INPUT DATA:
§
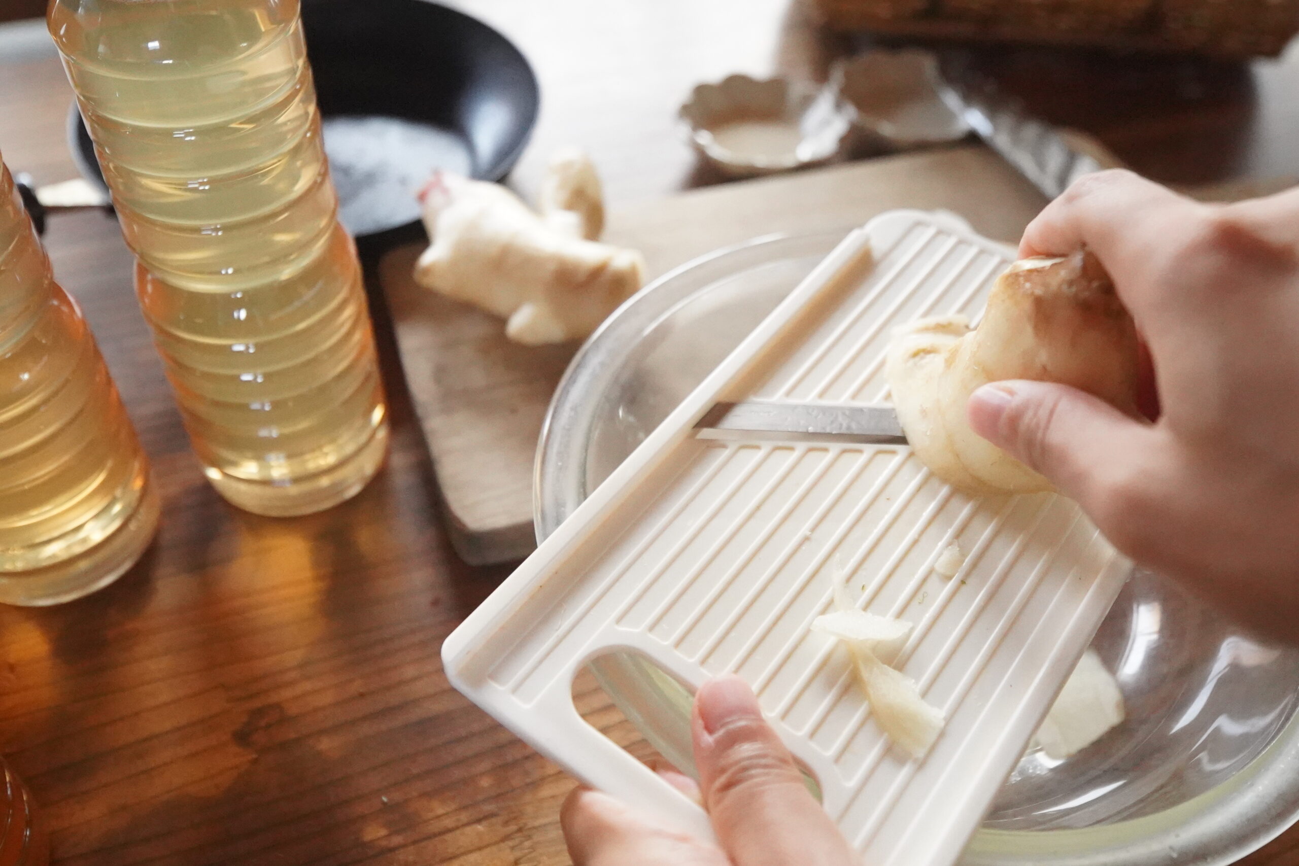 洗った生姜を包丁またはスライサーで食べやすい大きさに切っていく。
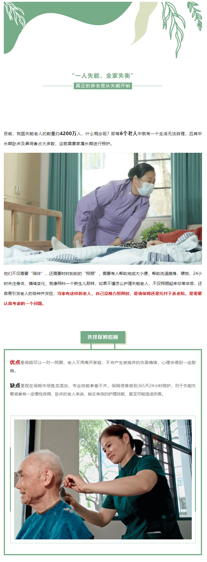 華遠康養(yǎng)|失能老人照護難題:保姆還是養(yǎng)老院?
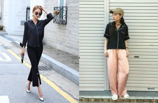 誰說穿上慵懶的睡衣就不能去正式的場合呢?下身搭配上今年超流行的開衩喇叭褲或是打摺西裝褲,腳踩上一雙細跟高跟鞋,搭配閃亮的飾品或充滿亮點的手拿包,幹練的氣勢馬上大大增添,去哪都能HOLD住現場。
§
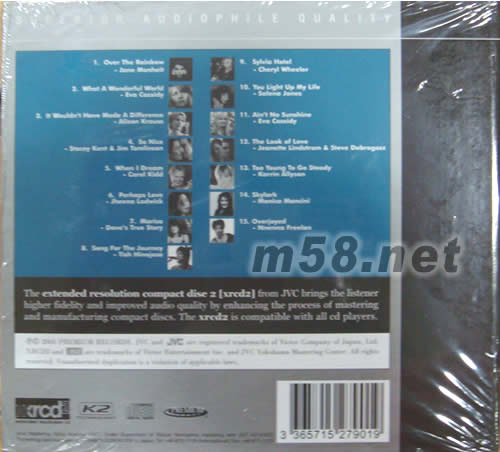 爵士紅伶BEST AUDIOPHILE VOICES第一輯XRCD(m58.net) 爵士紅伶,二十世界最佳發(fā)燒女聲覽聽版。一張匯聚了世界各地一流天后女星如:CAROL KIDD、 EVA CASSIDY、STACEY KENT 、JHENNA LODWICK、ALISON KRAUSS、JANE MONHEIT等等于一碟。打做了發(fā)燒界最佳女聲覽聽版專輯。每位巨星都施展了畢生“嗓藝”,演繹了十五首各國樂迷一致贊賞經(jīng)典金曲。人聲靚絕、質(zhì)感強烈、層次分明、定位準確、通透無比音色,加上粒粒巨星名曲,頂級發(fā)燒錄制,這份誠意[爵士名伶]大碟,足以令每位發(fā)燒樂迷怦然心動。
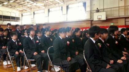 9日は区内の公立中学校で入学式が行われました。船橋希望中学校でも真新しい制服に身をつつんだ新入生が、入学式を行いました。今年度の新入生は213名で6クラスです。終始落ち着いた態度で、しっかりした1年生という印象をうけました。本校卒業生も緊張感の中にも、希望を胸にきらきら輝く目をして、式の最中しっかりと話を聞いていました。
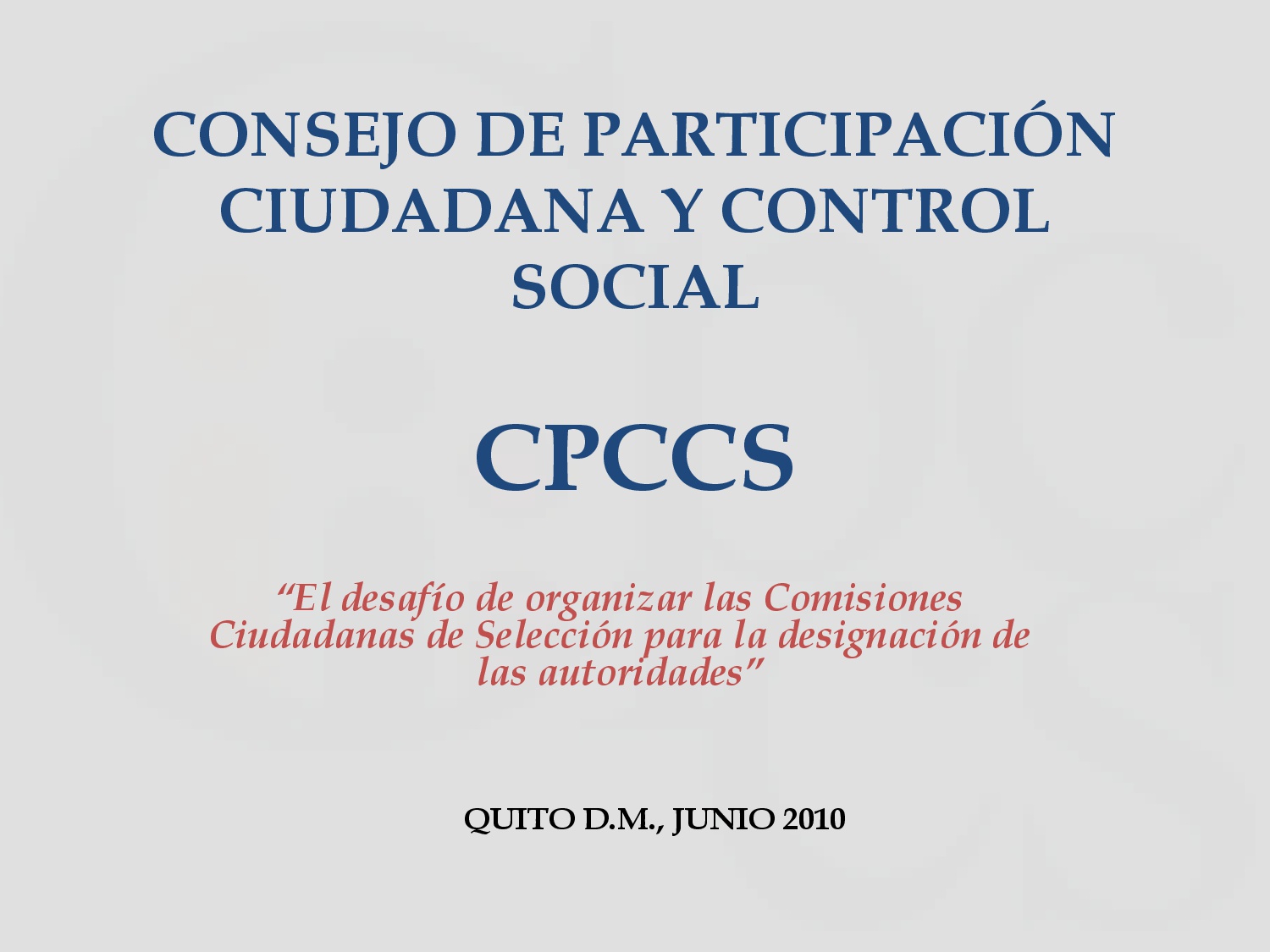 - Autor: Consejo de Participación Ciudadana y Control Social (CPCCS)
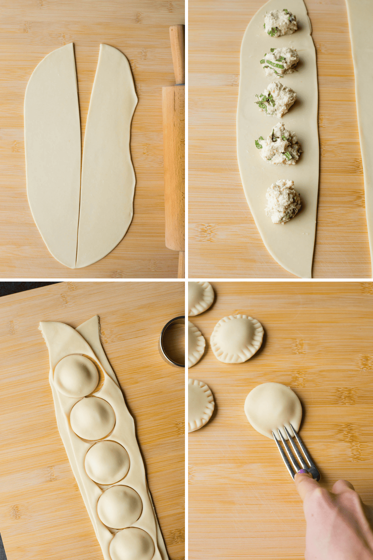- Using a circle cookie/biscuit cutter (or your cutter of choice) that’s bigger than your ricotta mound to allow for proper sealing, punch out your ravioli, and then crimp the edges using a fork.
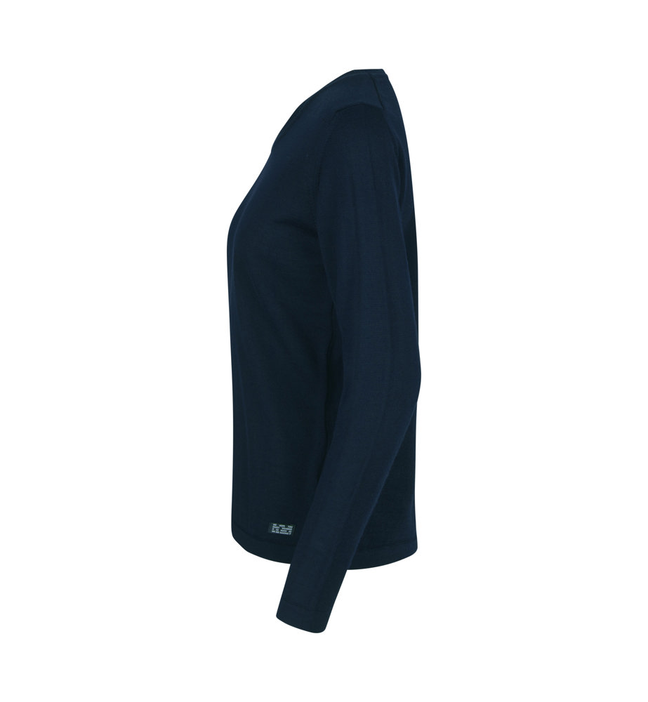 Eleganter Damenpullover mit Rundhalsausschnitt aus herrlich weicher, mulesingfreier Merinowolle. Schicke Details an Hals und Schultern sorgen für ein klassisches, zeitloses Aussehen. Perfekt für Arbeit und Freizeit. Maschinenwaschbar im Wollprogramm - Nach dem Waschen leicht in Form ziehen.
§
WHAT YOU ARE ASKED TO DO:
Repeat exactly, and only, the entries from the line with "- Autor: Consejo" through the line with "- Using a circle". Pictures are skipped.

RESULT OF THE TASK:
 - Autor: Consejo de Participación Ciudadana y Control Social (CPCCS)
- Using a circle cookie/biscuit cutter (or your cutter of choice) that’s bigger than your ricotta mound to allow for proper sealing, punch out your ravioli, and then crimp the edges using a fork.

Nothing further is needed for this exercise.